При жалком желтом полусвете занавешенной густой марлей лампы. Не гасим свет, потому что соночлежницы мои хотят дождаться последних известий по радио. За окном темнота. Прерывистый дождь. Репетиция осенней непогоды. Начались томительные вечера под ярким верхним светом, все время на людях. Много молодежи. Добыли откуда-то гармониста и под его баян пляшут и фокстрот, и вальсы, и польку. Домой бы, в тишину, к своему столу, к своей лампе. Но нет такой лампы, нет на земле такого стола. Нет дома.

26 июля. 8 часов вечера

Столовая, превращенная в концертно-танцевальный зал. Молодежь сбилась в одном углу, у патефона, который ревет истошным голосом фокстроты, чарльстоны, тустепы, танго. Отодвинули столы к стенам, и на освобожденном куске зала лихо вертятся пары. Кавказско-еврейского вида юноши и девушки разных национальностей. Есть миловидные, оживлением напоминающие Наташу Ростову и ее первый бал, подростки – на них приятно смотреть – если бы не так грубо орал патефон.

В окно, перед которым пишу, видно длинную водянисто-желтую поляну под пепельной серой шапкой дождевых туч. Целый день был дождь, но эта негаснущая шафранная желтизна на западе подает надежду на солнце к завтрашнему утру.

Заболели уши, заболела голова от патефонного рева. Перекочевала со своей чернильницей в салон, куда веселье молодежи не доносится. Здесь в углу примостилась компания игроков – каждый вечер тут с глубокомысленными лицами собираются любители “винтить”. На другом конце салона флиртуют несколько не умеющих танцевать девушек с двумя болезненными юношами. Люстры еще не зажигали. На маленький мой стол падает грустный зеленоватый свет дождливых сумерек.

Нет-нет и пронесется тоскливая мысль об Ольге. И не мысль, а желание посидеть рядом с ней. Почувствовать через нее Воронеж, мать, брата Николая. Никогда я не ощущала (моментами) безродности своей на этом свете так остро, как последние месяцы.
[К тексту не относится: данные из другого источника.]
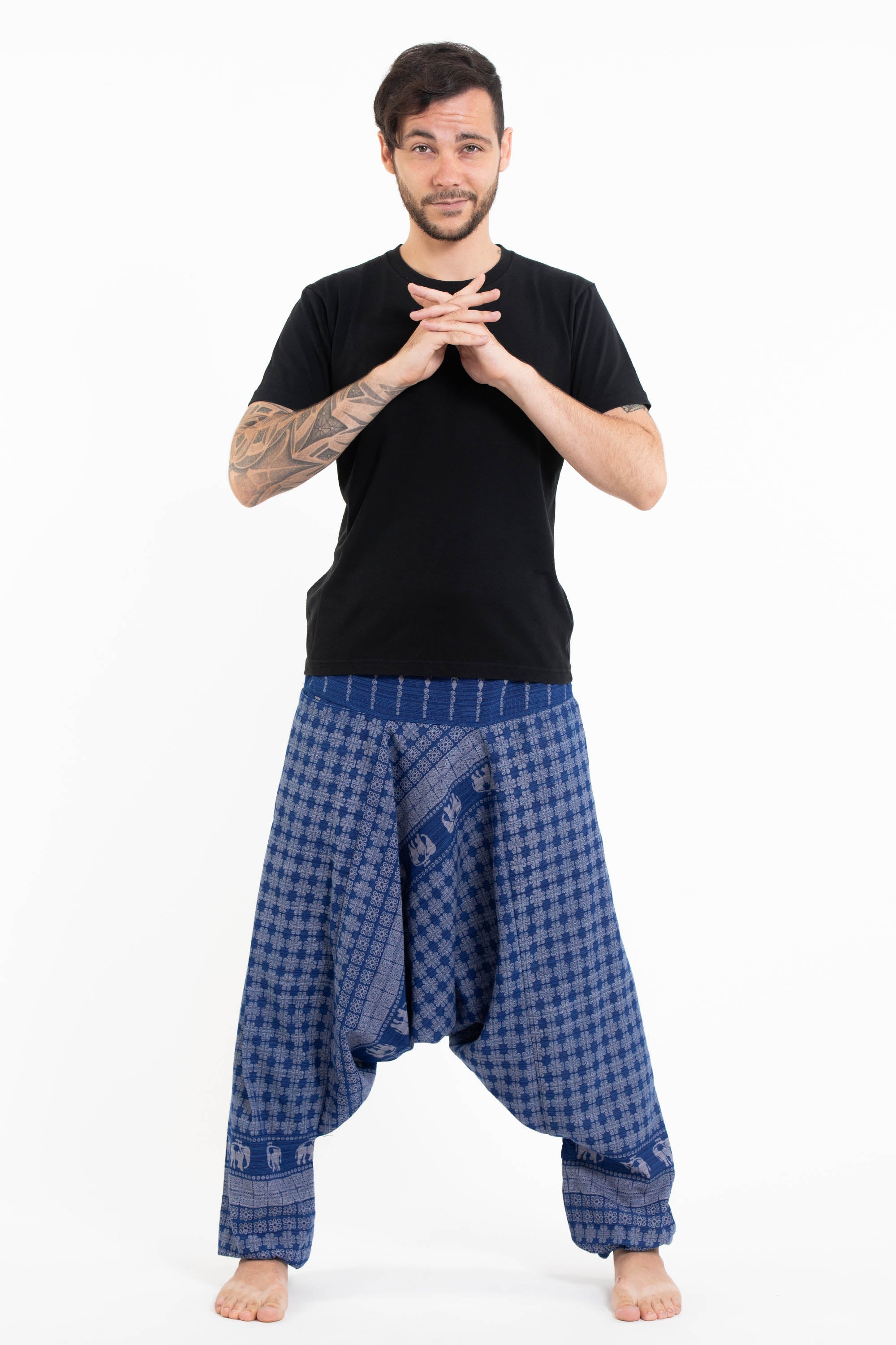 Hill Tribe Elephant Men's Elephant Pants in Blue

И это грех. Инертное следствие вкоренившегося предрассудка, что одиночество разбивается только о кровное родство или длительную “дружбу”.

Кто из родных, кроме покойной сестры моей, и кто из существующих ныне друзей моих встречал бы меня так радостно и с такой открытой душой и готовностью слушать и понимать, как 4 женщины из прежней, больничной моей палаты, к которым я прихожу в гости?

И кому из друзей могла бы сегодня я оказаться настолько нужной – и настолько обогреть жизнь, как оперированному старичку, чьего даже имени не знаю. Ему снимали катаракт. Не совсем удачно. Впереди еще одна операция. Он очень подавлен и все бродит один. Я предложила ему почитать что-нибудь. Оказалось, что Лесков, которого я случайно захватила (с боя, как всякая книга в день раздачи), – его любимый писатель. Нашла уютный уголок на антресолях и начала читать ему вслух “Запечатленного ангела”. А сейчас, пока не зажгли люстру и дневной свет обратился в зеленый сумрак, надо подняться наверх к параличной, которая ждет меня каждый день с верой, что мои руки восстановят омертвевшую половину ее тела. Ей лучше – но я нисколько не приписываю это себе. Если и есть тут нечто от меня идущее – это лишь мое появление и мое желание, чтобы она выздоровела. Остальное – ее вера. И воля, и сила – отнюдь не моя.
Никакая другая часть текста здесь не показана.